I started messing around with multithreading for a CPU intensive batch process I'm running, essentially I'm trying to condense multiple single page tiffs into single PDF documents. This works fine with a foreach loop or standard iteration but can be very slow for several 100 page documents. I tried the following based on a some examples I found to use multithreading and it has significant performance improvements however it obliterates the page order instead of 1,2,3,4 it will be 1,3,4,2,6,5 on what thread completes first. My question is how would I utilize this technique while maintaining the page order and if I can will it negate the performance benifit of the multithreading. Thankyou in advance.
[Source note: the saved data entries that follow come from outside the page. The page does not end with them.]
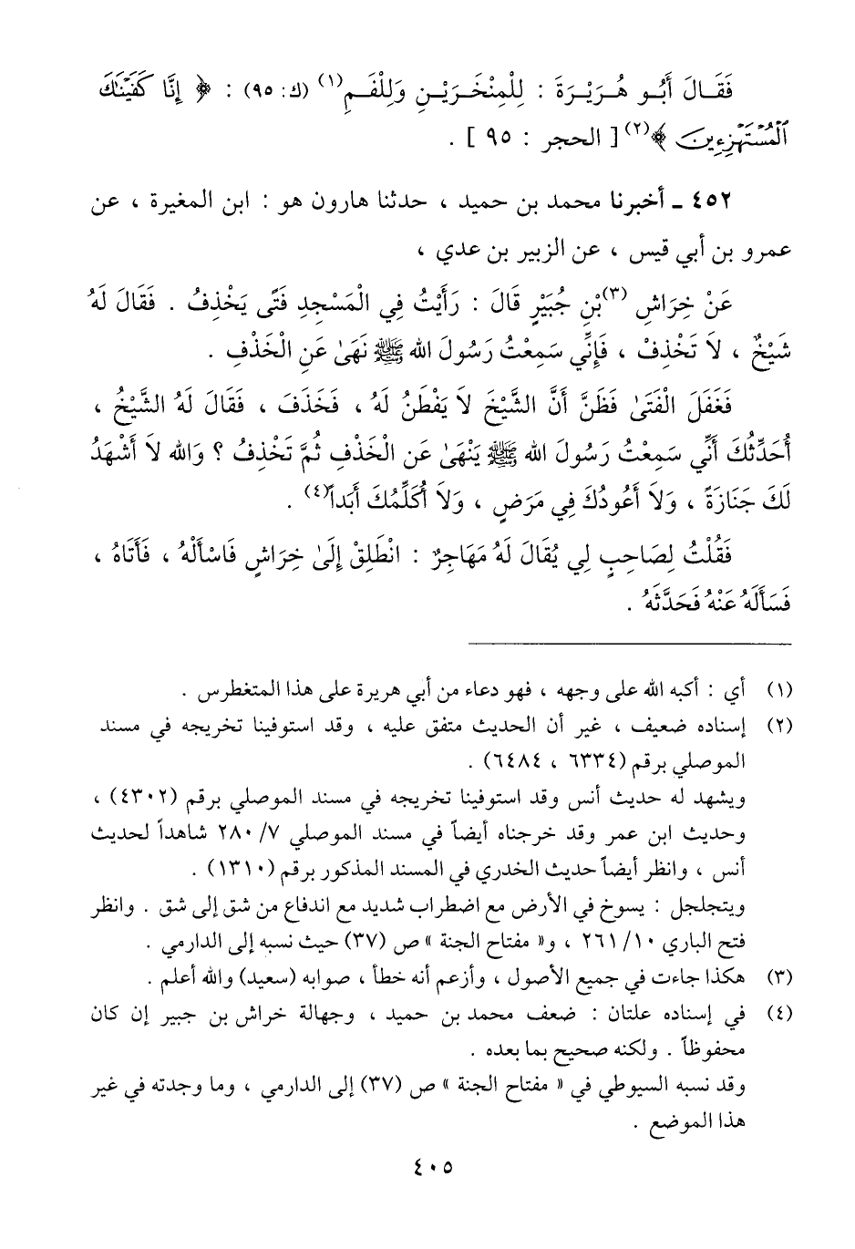 452 - أَخْبَرَنَا مُحَمَّدُ بْنُ حُمَيْدٍ، حَدَّثَنَا هَارُونُ هُوَ ابْنُ الْمُغِيرَةِ، عَنْ عَمْرِو بْنِ أَبِي قَيْسٍ، عَنِ الزُّبَيْرِ بْنِ عَدِيٍّ، عَنْ خِرَاشِ بْنِ جُبَيْرٍ، قَالَ: رَأَيْتُ فِي الْمَسْجِدِ فَتًى يَخْذِفُ. فَقَالَ لَهُ شَيْخٌ، لَا تَخْذِفْ، «فَإِنِّي سَمِعْتُ رَسُولَ اللَّهِ صَلَّى اللهُ عَلَيْهِ وَسَلَّمَ §نَهَى عَنِ الْخَذْفِ» فَغَفَلَ الْفَتَى، وَظَنَّ أَنَّ الشَّيْخَ لَا يَفْطِنُ لَهُ، فَخَذَفَ، فَقَالَ لَهُ الشَّيْخُ، أُحَدِّثُكَ أَنِّي سَمِعْتُ رَسُولَ اللَّهِ صَلَّى اللهُ عَلَيْهِ وَسَلَّمَ يَنْهَى عَنِ الْخَذْفِ ثُمَّ تَخْذِفُ؟ وَاللَّهِ لَا أَشْهَدُ لَكَ جَنَازَةً، وَلَا أَعُودُكَ فِي مَرَضٍ، وَلَا أُكَلِّمُكَ أَبَدًا. فَقُلْتُ لِصَاحِبٍ لِي يُقَالُ لَهُ مُهَاجِرٌ: انْطَلِقْ إِلَى خِرَاشٍ فَاسْأَلْهُ، فَأَتَاهُ، فَسَأَلَهُ عَنْهُ فَحَدَّثَهُQفي إسناده علتان: ضعف محمد بن حميد وجهالة خراش بن جبير إن كان محفوظا. ولكنه صحيح بما بعده
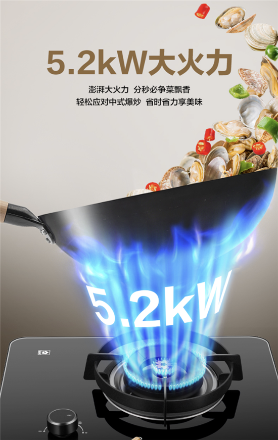 中式烹饪,最讲究精准的火候掌控。樱花燃气灶S507GA以零秒开阀技术实现即点即着,让火焰随心而动,轻松开启舌尖上的曼妙享受。5.2kW澎湃大火力,让食材在高温下迅速锁住鲜嫩与香气,让每一次翻炒都香气四溢,味道鲜美,唤醒满满的食欲。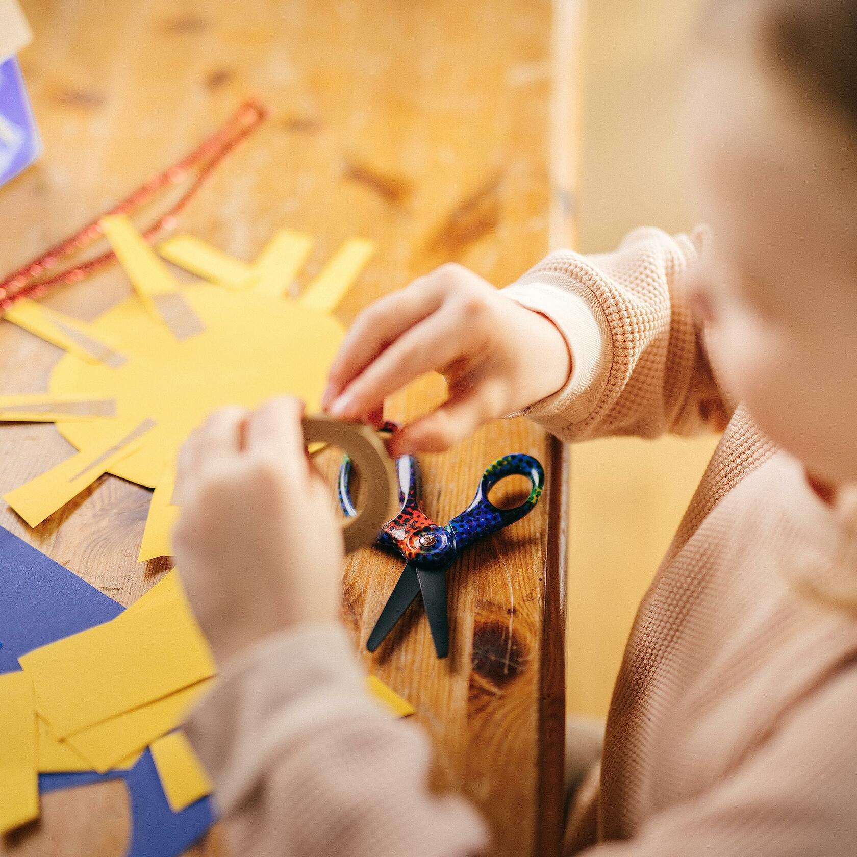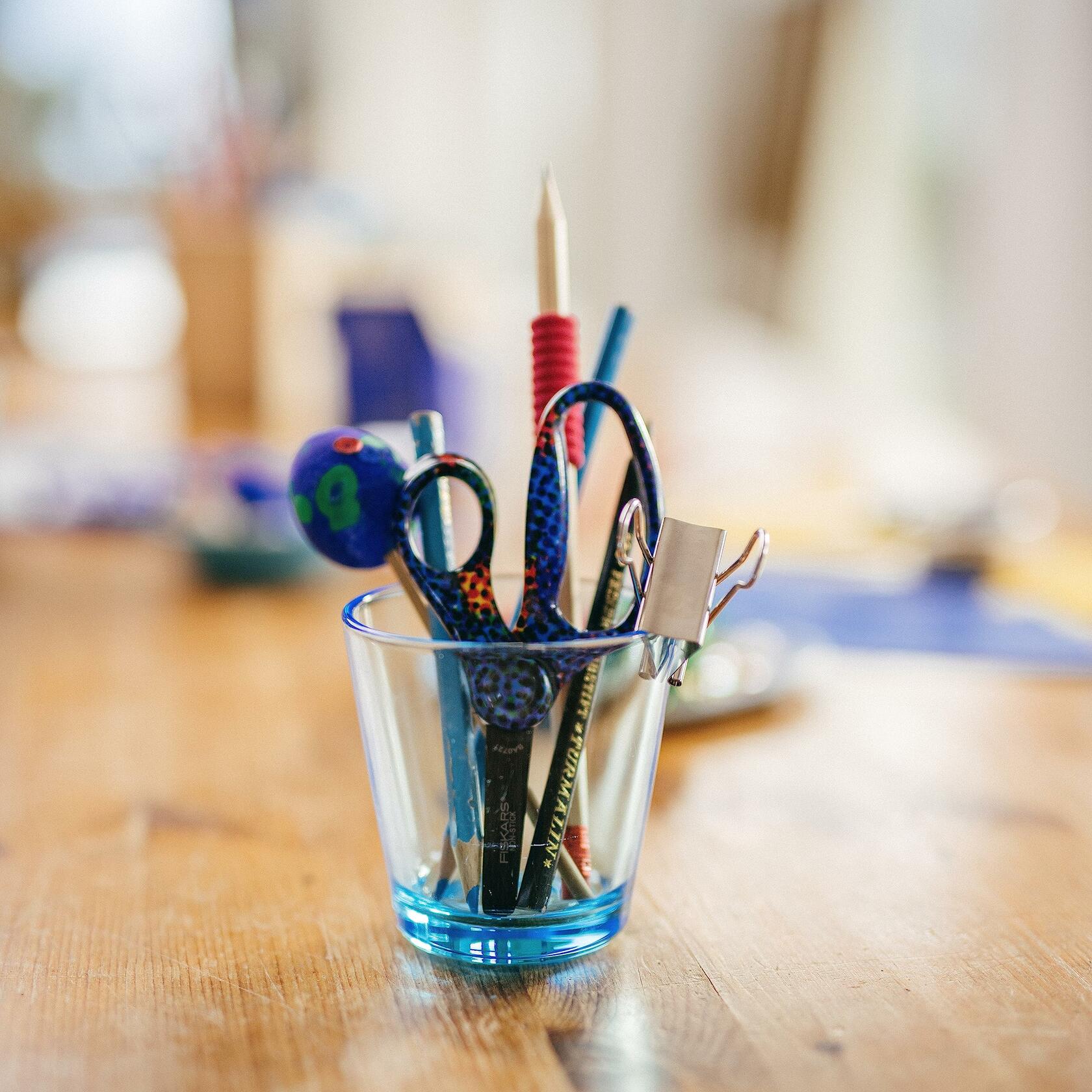 - Fiskars Designer Non-stick Blunt-tip Kids Scissors feature a fun, patterned handle that allows kids to express their personality

            PdfDocument doc = new PdfDocument();
            string mail = textBox1.Text;
            string[] split = mail.Split(new string[] { Environment.NewLine }, StringSplitOptions.None);

            int counter = split.Count();

            // Source must be array or IList.
            var source = Enumerable.Range(0, 100000).ToArray();
            // Partition the entire source array.
            var rangePartitioner = Partitioner.Create(0, counter);
            double[] results = new double[counter];
            // Loop over the partitions in parallel.
            Parallel.ForEach(rangePartitioner, (range, loopState) =>
            {
                // Loop over each range element without a delegate invocation.
                for (int i = range.Item1; i < range.Item2; i++)
                {
                    f_prime = split[i].Replace(" " , "");
                    PdfPage page = doc.AddPage();
                    XGraphics gfx = XGraphics.FromPdfPage(page);
                    XImage image = XImage.FromFile(f_prime);
                    double x = 0;
                    gfx.DrawImage(image, x, 0);
                    
                }
            });


This post has been edited by d_rop4nme: 27 December 2010 - 03:48 PM


Is This A Good Question/Topic? 2
  • +

Replies To: Multithreading for loop maintain order

#2 Curtis Rutland   User is offline

  • (╯□)╯︵ (~ .o.)~
  • member icon


Reputation: 5106
  • View blog
  • Posts: 9,283
  • Joined: 08-June 10

Re: Multithreading for loop maintain order

Posted 27 December 2010 - 04:22 PM

I don't know exactly how I would do this, but I would probably add each result to a dictionary or a list indexed by its page number. Then, once all tasks are done, compose them together in order.
Was This Post Helpful? 0
  • +
  • -

#3 d_rop4nme   User is offline

  • D.I.C Head
  • member icon

Reputation: 17
  • View blog
  • Posts: 149
  • Joined: 18-April 10

Re: Multithreading for loop maintain order

Posted 27 December 2010 - 06:49 PM

I was thinking something like that, or to put all the images into a byte array and then assemble them at the end. I haven't been able to really conceptualize it yet, again I'm worried that if I do that and then put 1200 70kb+ tiffs into each array its gonna zap the performance so bad that it will negate the gains from the multi-threading.
Was This Post Helpful? 0
  • +
  • -

#4 Curtis Rutland   User is offline

  • (╯□)╯︵ (~ .o.)~
  • member icon


Reputation: 5106
  • View blog
  • Posts: 9,283
  • Joined: 08-June 10

Re: Multithreading for loop maintain order

Posted 27 December 2010 - 07:25 PM

I agree, but I'm not sure I see any other way around it. Perhaps you can put each in a List as they finish, and trigger another method on a different thread. This method can gain a lock on the list so it can't be modified, then process the list. Keep an int with the current page number, and if any in the list match, add it to the pdf, iterate the index, and release the lock. You might have some left over in the list at the end, and you can process the rest in order.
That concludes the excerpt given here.